Howard Hughes Medical Institute, Center for Neural Science, and Courant Institute of Mathematical Sciences, New York University, USA

 

Wednesday 9 April 2008

 

16.00

 

Seminar Room B10 (Basement)

Alexandra House, 17 Queen Square, London, WC1N 3AR

 

 

Re-Examining the Local Statistics of Images and Their Implications for Early Visual Processing

 

A well-known series of results over the past 15 years has shown that the local statistical  properties of natural images are best decomposed using local oriented operators.  These operators, obtained using Independent Components Analysis (ICA) or maximization of response sparsity, have been held up as successful examples of predicting the form of early visual processing, especially the receptive field properties of neurons in area V1.  But there are a number of peculiar aspects of these results.

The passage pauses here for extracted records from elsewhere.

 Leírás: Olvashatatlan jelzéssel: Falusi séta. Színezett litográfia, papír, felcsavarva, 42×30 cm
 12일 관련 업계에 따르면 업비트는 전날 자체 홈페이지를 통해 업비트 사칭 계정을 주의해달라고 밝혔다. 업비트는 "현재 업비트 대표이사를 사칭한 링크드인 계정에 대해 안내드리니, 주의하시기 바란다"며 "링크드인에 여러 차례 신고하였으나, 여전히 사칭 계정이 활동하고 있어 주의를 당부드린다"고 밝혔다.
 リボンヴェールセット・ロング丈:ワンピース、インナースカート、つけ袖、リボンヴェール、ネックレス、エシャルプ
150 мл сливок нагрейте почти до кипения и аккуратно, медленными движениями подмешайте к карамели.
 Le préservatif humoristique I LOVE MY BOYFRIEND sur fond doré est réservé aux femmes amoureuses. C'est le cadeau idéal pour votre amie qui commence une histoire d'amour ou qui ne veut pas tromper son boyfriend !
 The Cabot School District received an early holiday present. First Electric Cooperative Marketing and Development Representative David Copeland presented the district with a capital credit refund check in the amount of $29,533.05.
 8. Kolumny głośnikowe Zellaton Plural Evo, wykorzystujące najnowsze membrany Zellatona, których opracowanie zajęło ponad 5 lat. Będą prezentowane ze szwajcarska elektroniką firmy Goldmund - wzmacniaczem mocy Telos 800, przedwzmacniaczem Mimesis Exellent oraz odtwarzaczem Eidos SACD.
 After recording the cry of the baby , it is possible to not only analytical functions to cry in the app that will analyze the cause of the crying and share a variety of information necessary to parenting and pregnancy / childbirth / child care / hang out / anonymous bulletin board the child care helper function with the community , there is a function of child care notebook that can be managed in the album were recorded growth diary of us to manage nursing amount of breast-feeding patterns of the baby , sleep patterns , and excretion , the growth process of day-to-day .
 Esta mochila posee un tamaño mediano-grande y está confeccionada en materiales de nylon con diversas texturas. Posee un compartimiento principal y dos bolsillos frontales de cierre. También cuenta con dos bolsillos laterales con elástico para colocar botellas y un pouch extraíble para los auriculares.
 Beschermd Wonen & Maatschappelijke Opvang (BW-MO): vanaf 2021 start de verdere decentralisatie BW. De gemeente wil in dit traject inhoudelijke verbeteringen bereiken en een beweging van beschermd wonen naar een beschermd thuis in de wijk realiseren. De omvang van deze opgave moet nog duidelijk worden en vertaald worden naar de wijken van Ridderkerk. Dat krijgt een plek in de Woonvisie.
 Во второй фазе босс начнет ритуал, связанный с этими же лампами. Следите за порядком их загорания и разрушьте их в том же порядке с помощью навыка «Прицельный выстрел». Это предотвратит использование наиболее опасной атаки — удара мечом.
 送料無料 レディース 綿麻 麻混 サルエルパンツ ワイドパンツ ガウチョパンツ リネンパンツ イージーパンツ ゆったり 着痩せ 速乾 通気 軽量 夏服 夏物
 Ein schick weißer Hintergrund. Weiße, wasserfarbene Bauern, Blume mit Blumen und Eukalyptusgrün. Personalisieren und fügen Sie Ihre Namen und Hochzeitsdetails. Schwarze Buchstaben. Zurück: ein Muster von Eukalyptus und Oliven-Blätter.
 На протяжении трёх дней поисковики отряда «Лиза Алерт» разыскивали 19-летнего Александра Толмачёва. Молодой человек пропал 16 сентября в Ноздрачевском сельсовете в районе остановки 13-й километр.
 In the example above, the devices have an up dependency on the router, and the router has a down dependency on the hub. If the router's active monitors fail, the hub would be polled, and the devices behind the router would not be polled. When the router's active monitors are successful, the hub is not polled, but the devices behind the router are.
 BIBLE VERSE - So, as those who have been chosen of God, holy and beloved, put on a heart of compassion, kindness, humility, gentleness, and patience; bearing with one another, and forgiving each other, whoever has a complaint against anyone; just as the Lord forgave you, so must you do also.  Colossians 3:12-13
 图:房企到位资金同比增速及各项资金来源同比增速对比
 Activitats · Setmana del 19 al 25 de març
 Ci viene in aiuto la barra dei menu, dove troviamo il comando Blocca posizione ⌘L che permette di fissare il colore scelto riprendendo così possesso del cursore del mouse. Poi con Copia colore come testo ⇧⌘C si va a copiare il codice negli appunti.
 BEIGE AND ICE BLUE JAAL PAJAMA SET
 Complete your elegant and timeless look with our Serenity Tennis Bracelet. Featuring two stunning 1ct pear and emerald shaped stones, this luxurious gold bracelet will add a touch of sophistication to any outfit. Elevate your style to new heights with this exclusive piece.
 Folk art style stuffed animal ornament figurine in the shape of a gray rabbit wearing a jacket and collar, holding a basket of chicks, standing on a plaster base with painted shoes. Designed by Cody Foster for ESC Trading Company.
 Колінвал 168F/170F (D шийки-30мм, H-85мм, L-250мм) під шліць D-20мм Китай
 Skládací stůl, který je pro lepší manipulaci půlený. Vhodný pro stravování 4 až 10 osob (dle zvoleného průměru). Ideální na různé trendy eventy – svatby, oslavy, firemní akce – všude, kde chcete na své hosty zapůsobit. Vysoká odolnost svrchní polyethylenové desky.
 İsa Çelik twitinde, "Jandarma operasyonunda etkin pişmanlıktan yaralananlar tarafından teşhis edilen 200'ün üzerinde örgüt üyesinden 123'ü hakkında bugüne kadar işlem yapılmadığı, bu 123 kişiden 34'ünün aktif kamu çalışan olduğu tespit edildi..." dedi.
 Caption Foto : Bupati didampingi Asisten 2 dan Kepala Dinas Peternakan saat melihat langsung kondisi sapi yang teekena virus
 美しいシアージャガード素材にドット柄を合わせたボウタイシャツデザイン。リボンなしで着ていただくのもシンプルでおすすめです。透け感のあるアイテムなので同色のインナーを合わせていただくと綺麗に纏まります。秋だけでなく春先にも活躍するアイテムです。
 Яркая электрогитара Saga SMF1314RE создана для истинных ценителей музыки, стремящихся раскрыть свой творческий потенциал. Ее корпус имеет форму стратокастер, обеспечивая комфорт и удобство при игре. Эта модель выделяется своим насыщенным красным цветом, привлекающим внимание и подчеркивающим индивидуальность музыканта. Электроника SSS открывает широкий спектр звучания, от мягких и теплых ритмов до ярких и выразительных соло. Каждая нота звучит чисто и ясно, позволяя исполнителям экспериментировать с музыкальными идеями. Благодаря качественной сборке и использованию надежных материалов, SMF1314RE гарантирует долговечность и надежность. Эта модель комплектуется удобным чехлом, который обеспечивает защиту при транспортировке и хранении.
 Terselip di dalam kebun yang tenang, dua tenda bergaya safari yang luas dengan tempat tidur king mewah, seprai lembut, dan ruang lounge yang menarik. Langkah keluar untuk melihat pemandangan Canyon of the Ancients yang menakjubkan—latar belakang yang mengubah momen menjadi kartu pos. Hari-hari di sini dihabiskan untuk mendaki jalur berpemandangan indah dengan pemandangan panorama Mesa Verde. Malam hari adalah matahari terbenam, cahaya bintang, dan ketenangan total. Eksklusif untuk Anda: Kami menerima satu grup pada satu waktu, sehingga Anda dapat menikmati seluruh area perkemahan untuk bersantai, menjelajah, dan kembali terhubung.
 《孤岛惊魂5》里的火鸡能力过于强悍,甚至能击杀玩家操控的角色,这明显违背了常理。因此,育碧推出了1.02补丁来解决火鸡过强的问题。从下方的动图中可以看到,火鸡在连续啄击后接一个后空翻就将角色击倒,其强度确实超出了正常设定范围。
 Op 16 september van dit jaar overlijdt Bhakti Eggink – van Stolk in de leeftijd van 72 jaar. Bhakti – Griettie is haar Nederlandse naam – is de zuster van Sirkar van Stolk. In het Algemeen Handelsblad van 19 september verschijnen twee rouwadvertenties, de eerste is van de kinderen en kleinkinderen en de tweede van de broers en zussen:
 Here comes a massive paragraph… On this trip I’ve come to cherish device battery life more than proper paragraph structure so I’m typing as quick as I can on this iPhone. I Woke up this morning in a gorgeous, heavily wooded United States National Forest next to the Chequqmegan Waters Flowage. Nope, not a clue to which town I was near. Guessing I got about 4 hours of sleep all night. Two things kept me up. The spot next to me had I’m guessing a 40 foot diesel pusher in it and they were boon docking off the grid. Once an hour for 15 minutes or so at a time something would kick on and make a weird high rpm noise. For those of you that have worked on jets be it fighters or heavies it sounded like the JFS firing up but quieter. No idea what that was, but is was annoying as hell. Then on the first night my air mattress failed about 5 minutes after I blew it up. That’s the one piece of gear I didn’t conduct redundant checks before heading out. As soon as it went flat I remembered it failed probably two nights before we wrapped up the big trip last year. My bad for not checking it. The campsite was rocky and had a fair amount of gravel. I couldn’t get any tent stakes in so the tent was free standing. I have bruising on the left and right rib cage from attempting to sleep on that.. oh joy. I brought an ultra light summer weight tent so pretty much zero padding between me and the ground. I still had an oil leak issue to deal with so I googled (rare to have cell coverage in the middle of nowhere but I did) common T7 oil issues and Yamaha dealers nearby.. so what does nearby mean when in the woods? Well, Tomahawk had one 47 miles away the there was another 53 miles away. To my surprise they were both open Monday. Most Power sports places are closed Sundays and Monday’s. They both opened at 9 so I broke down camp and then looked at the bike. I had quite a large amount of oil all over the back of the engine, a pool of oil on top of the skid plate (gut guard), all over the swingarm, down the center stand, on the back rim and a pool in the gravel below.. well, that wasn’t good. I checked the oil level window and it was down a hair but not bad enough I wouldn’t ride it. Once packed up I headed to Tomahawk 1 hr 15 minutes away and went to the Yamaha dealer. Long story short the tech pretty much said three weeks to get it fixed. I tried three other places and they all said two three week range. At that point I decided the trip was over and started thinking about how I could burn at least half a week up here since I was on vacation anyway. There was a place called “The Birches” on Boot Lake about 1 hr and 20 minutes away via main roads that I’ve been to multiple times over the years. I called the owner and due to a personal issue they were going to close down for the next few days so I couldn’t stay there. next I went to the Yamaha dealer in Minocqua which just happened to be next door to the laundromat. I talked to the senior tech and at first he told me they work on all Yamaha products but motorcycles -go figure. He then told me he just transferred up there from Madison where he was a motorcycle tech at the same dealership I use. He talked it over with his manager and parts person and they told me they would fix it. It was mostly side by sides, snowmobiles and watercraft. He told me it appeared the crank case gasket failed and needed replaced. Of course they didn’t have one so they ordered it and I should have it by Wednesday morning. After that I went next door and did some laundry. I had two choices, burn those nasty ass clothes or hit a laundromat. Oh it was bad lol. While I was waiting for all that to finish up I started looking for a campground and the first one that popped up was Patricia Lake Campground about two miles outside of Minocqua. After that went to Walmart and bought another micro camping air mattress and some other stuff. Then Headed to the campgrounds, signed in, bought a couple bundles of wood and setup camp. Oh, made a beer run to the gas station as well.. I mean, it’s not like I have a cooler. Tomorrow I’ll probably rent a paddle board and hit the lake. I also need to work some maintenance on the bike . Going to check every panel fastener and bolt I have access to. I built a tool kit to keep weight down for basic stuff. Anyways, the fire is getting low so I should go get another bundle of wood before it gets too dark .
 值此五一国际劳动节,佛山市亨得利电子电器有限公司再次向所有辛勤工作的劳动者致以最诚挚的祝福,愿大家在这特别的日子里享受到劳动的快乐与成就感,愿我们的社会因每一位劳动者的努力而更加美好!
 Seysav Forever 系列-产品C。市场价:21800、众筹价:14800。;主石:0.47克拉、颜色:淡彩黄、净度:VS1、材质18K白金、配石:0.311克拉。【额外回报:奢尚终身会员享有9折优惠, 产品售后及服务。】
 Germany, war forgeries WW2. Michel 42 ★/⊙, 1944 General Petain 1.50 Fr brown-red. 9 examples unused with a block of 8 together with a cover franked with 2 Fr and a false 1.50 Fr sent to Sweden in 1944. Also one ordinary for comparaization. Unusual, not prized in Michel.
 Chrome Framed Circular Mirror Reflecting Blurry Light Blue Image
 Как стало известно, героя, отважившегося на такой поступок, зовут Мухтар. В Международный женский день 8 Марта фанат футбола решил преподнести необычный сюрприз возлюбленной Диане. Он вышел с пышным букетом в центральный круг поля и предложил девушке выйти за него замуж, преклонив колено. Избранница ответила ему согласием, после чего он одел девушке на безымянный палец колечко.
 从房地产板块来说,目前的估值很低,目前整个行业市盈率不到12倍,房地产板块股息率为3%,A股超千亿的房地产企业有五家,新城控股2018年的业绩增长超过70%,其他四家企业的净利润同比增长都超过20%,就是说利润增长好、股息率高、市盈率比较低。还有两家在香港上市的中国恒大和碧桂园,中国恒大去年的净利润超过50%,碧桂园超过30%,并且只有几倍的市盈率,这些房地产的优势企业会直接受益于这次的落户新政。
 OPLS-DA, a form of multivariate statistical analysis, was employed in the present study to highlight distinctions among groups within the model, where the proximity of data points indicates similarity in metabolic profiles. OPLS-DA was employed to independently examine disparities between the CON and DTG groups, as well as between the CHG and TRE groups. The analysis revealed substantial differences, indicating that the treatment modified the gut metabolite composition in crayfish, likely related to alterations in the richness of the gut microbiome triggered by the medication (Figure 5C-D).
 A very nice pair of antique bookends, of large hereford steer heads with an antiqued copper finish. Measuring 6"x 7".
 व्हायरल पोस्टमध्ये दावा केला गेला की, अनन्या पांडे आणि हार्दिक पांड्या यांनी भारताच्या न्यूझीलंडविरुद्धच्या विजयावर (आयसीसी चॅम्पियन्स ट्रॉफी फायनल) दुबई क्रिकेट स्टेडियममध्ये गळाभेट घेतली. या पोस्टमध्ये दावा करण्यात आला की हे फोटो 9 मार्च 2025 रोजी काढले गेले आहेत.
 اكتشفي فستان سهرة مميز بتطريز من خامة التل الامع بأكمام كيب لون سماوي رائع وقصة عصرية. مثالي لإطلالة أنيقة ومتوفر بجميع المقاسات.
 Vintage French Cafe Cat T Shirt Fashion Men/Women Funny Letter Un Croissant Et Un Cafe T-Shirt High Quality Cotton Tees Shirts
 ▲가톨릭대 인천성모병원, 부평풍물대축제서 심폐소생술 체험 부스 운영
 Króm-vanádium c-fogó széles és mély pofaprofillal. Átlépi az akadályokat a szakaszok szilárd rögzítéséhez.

First, the responses of the obtained operators are far from independent, and are at most only slightly more sparse than those of random filters. Second, the description of V1 responses is primarily constructed on a substrate of linear filtering, and ignores the fact that the retina and LGN both contain significant nonlinear elements.  I'll re-examine this problem, with a goal of efficiently encoding the image data by transforming to a new representation whose components are statistically independent, coupled with a regularizing principle that favors solutions that minimally distort the data.  I'll argue that the local statistics of images are poorly fit by the source model associated with Independent Components Analysis, and should be described  using elliptically symmetric densities. For this source model, I'll show that the optimal solution for generating independent responses consists of non-oriented (center-surround) filtering followed by a compressive nonlinearity, more closely analogous to the behaviors of retina than V1.  And I'll show empirically that this transformation greatly outperforms ICA or sparse component methodologies in reducing redundancy.